1 May 20230 comments

Access to the NDIS for people from culturally diverse communities will be made easier, the federal minister in charge of the scheme, Bill Shorten, says.

Speaking at the National Press Club in Canberra recently announcing reforms to the scheme, Mr Shorten pledged to make “access to the NDIS equal for everyone”.

“When I have said that there are some people not in scheme who should be in the scheme, I’m largely thinking of CALD and first nations’ communities,” he said.

“I’ve been meeting with representative groups from CALD communities. And this starts with the capacity of agencies. We need more people in the process with CALD and first nations’ backgounds.

“We also need outreach to these communities and we need to improve the bureaucracy attached to the NDIS. Not everyone is a digital guru so we need to simplify the front door of the scheme.
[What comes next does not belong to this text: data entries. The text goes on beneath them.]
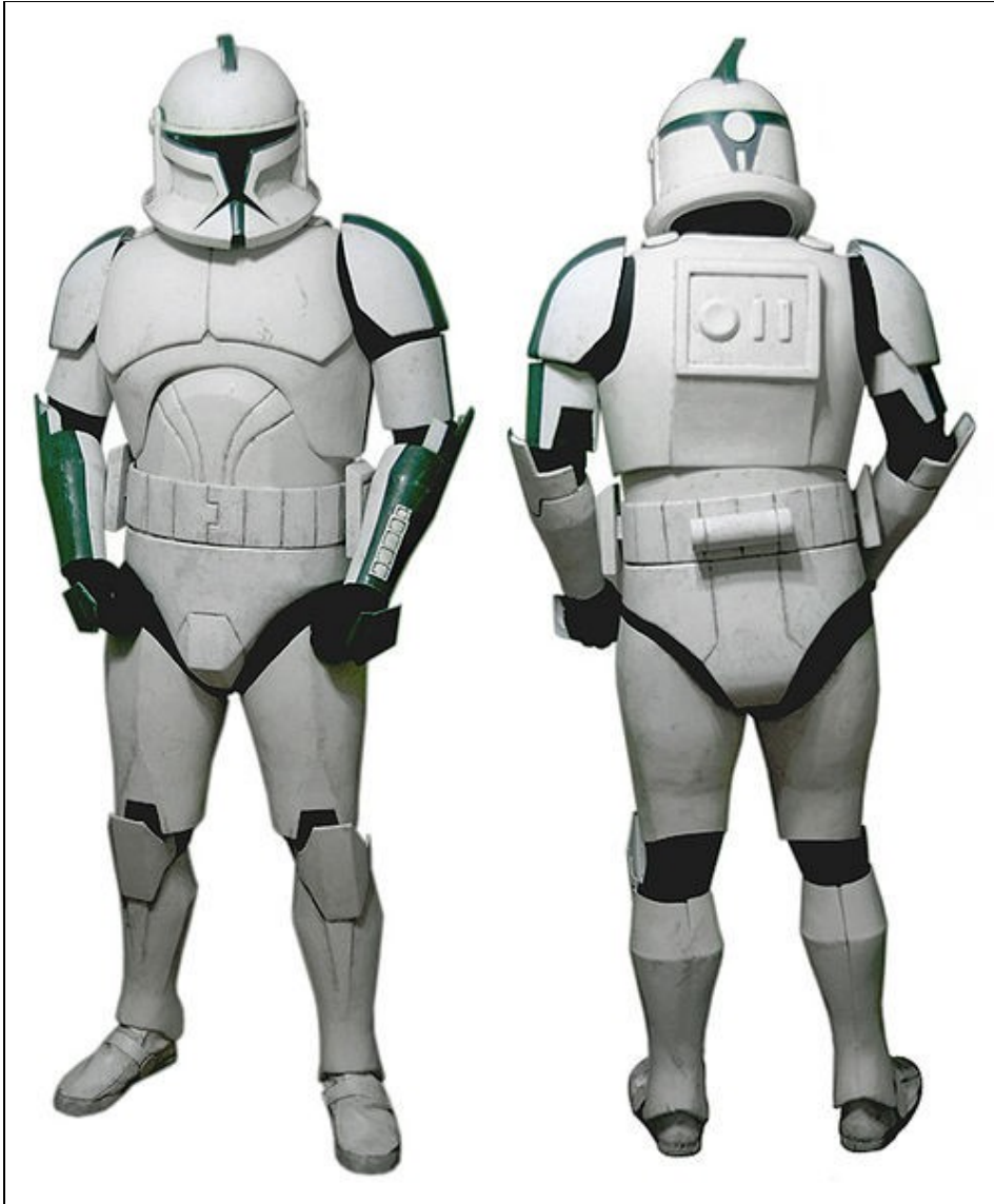
Model TC 7602
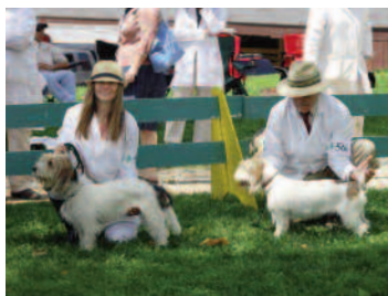
Winsey and Wagtail....
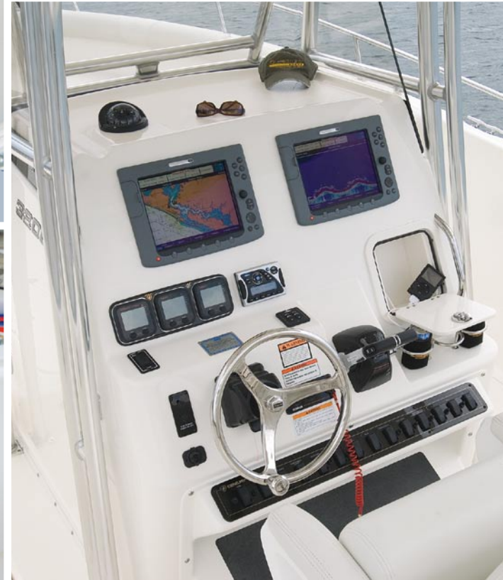
Ergonomically designed helm ready for flush mounted electronics. Yamaha Command Link® gauges standard. (Shown here with optional dual Raymarine® E120s)
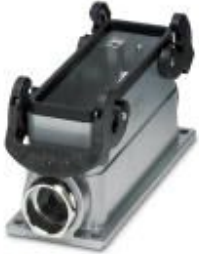
Box mounting base, with double locking latch, height 67 mm, with screw connection, 2x M25

Please be informed that the data shown in this PDF Document is generated from our Online Catalog. Please find the complete data in the user's documentation. Our General Terms of Use for Downloads are valid ( http://phoenixcontact.com/download )
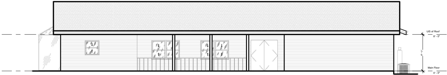
1 Front 1" = 10'-0"
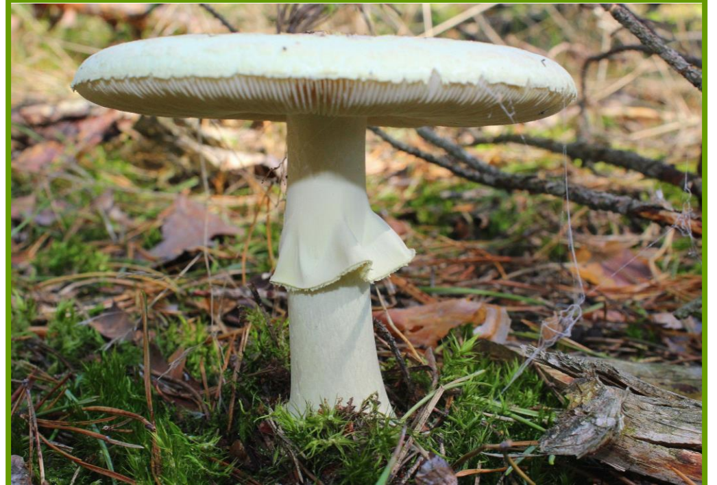
Amanita phalloides Deathcap
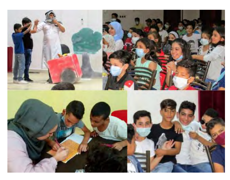
Providing a brighter future to refugee children in Jordan
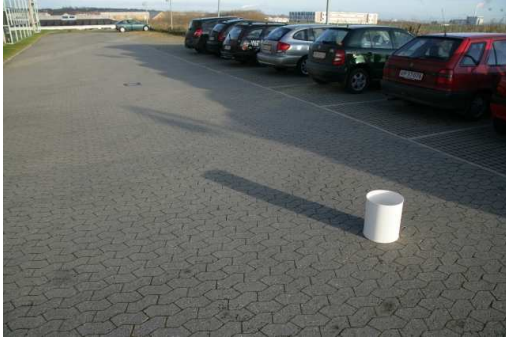
(a) Input image
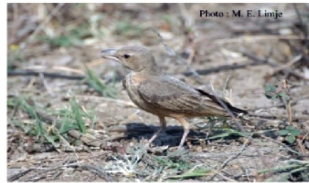
Rufous-tailed Finch-Lark Ammomanes phoenicurus (Franklin)
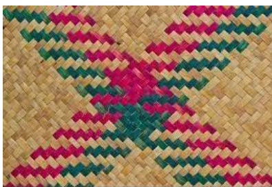
Weaved Mat-Base With Clear Cover On Sides and Top
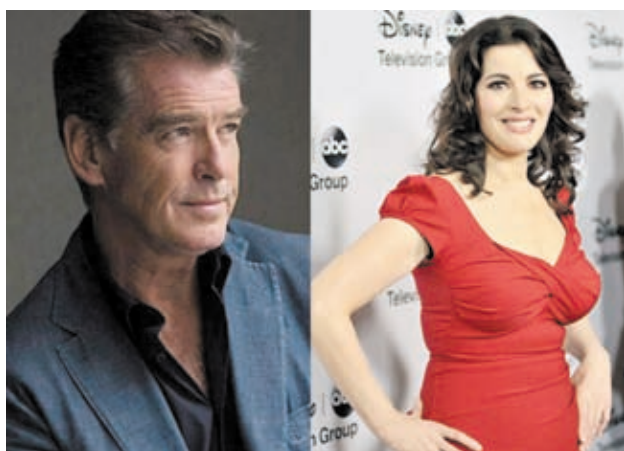
Pierce Brosnan and Nigella Lawson were sighted having a good time together.
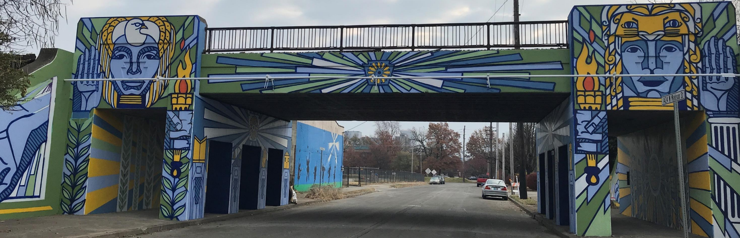
Gateway Murals – Madison St.
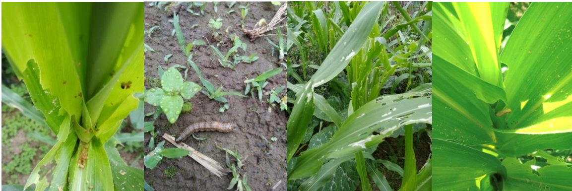
Fall armyworm damage in maize

Insects: Moderate infestation of fall armyworm was observed.
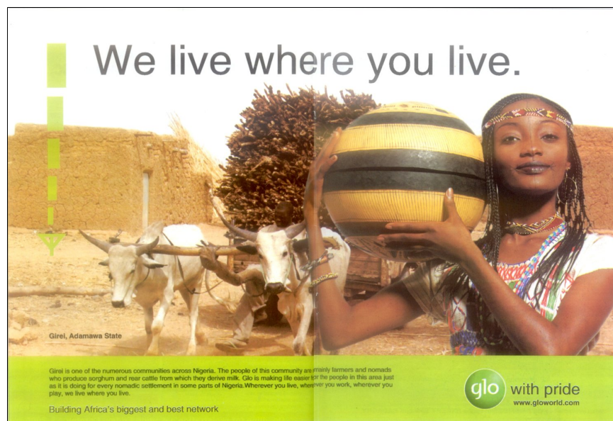
Figure 4. A typical Hausa-Fulani village setting in northern Nigeria.

The advertisers' predilection for the use of the deictic markers 'where', 'wherever', and 'everywhere' is predicated on the fact that they want to give the impression that they are capable of connecting urban centres to the rural areas, as subscribers living and working in urban centres would wish to keep in touch with people back at home in the hinterland. To further emphasize the mobile service providers' bid to connect the urban to the rural, spatial deictic markers are reinforced with non-verbal indexical surrogates. Such indices revolve around diverse cultural units such as occupations for which rural communities are noted. The occupations touch on cattle rearing, fishing/fish smoking, garri (cassava flour) processing, hand weaving, tying and dyeing of textile materials, farming with crude implements such as hoes and cutlasses, pounding with mortar and pestle, harvesting of palm fruit, among others. Apart from cultural units in the form of occupational engagements, there are pictorial images in the form of landscapes, showing thatch roofs, deserts, forests, creeks, and so on.

“But it’s a work in progress,” Mr Shorten said.

Migrant and refugee settlement agency AMES Australia welcomed the move with AMES Chief Executive Cath Scarth saying welcomed Mr Shorten’s comments were “welcome and timely”.

“We know that people from CALD communities are under-represented and we know there are several reasons for this,” Ms Scarth said.

“These include complex assessments and access request forms, long waiting lists, costs of reports, need for a formal diagnosis, lack of in-language information, visa eligibility, lack of culturally responsive support, language proficiency and a lack of understanding of what service are available.”

Ms Scarth said among the solutions to the issue of under-representation were experienced staff and specialist knowledge.

“We need to recognise that community attitudes towards disability and levels of knowledge vary significantly among and across different CALD communities when developing policies, information materials and when engaging with different cohorts.

“The development and support of outreach activities to engage CALD communities in increasing their involvement in mainstream disability services would be very welcome, as would developing accessible disability information materials and web content in community languages,” she said.

At the end of 2017, an estimated 22 per cent of NDIS participants would be expected to be from CALD backgrounds. However, most recent data identifies that only 9.2 per cent of NDIS participants across Australia identified as CALD; and 11.7 per cent in Victoria.

Ms Scarth said intersectionality, and not ‘just’ the disability should be considered when making decisions directly impacting people with disability from CALD backgrounds as it can lead to an increased risk of discrimination.

“People with a disability have a much higher risk of experiencing abuse and violence, often perpetrated by their carers, and in their primary place of residence, both at home or within a care facility; with women and girls particularly vulnerable,” Ms Scarth said.

“Women and girls with disabilities are twice as likely as women and girls without disabilities to experience violence throughout their lives with over one third of women with disabilities experiencing some form of intimate partner violence,” she said.